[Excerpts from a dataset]
______
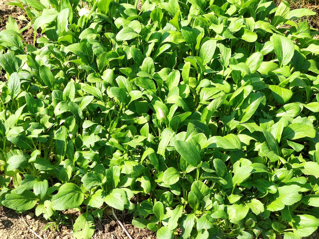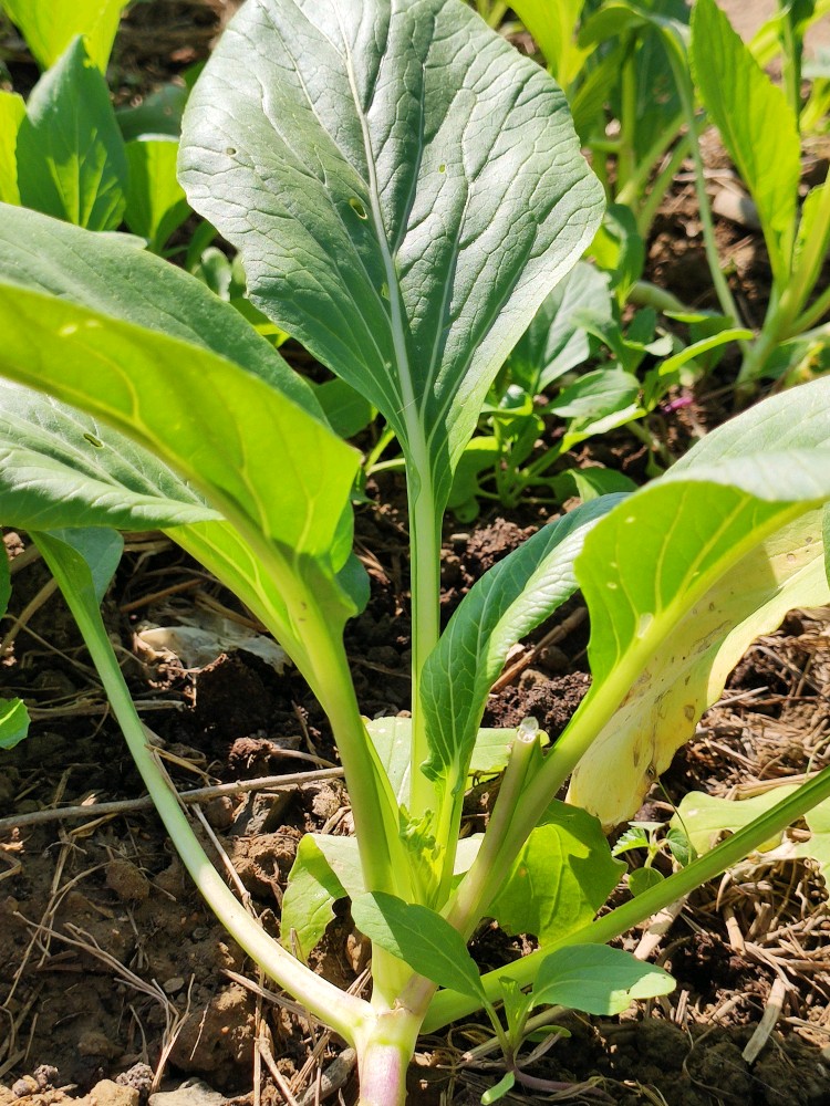 一次就撒一点儿种子,等到它出土差不多能吃了,再接着撒另一波种子。我们这边自己家种蔬菜一般都是如此,一茬一茬的播种然后持续不断的都有嫩蔬菜吃。你看,有些都已经好大一棵了,有些却密密麻麻的还是初长成,之前的白菜也是如此。我喜欢吃用这个菜腌制的酸菜,酸脆爽口味道特别的好!
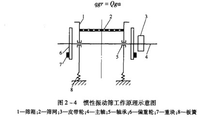 圖2-3和圖2-4分別是sZ型慣性振動(dòng)篩的外形圖和工作原理示意圖。從圖中可以看出,這種篩子有8個(gè)主要組成部分,其中篩網(wǎng)固定在篩箱上,篩箱安裝在兩個(gè)橢圓形板簧上,板繭底座固定在基礎(chǔ)上,偏重輪和皮帶輪安裝在主軸上,重塊安裝在偏重輪上。改變重塊在偏重輪上的位置,可以得到不同的離心慣性力,以此來(lái)調(diào)節(jié)篩子的振幅。主軸通過(guò)兩個(gè)滾動(dòng)軸承固定在篩箱上。篩箱一般呈15°―25°傾斜安裝,以促進(jìn)物料在篩面上向徘料端運(yùn)動(dòng)。
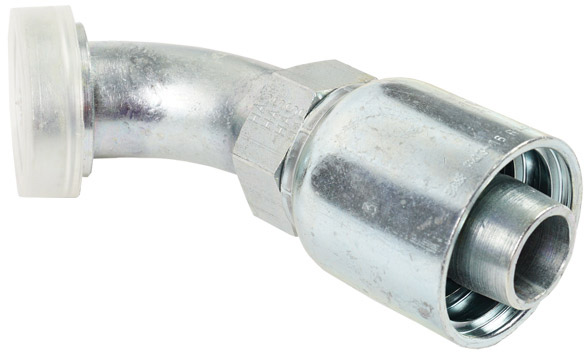 Parker 43-series hydraulic fitting, SAE Code 61 Flange-head, 60 degree Elbow, Tube size: 1″, Hose ID: 1″, (A)Overall length: 4.45″ (113mm), (B)Cutoff allowance: 2.83″ (72mm), (F)Diameter: 1-3/4″
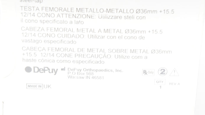 - DePuy 1365-55-000 Articul/EZE Metal Femoral Head 36mm +15.5 12/14Taper (x)
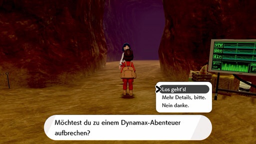 nach Abschluss der Expeditionen auf der Kronen-Schneelande in der Lobby der Dynamax-Abenteuer an, erzählt sie dem Spieler gegen 5
______
PROBLEM TO WORK ON:
Take the lines from the one holding "- DePuy 1365-55-000" through the last line of the data above and copy them exactly, both ends included, omitting all pictures.

WRITTEN RESPONSE:
 - DePuy 1365-55-000 Articul/EZE Metal Femoral Head 36mm +15.5 12/14Taper (x)
 nach Abschluss der Expeditionen auf der Kronen-Schneelande in der Lobby der Dynamax-Abenteuer an, erzählt sie dem Spieler gegen 5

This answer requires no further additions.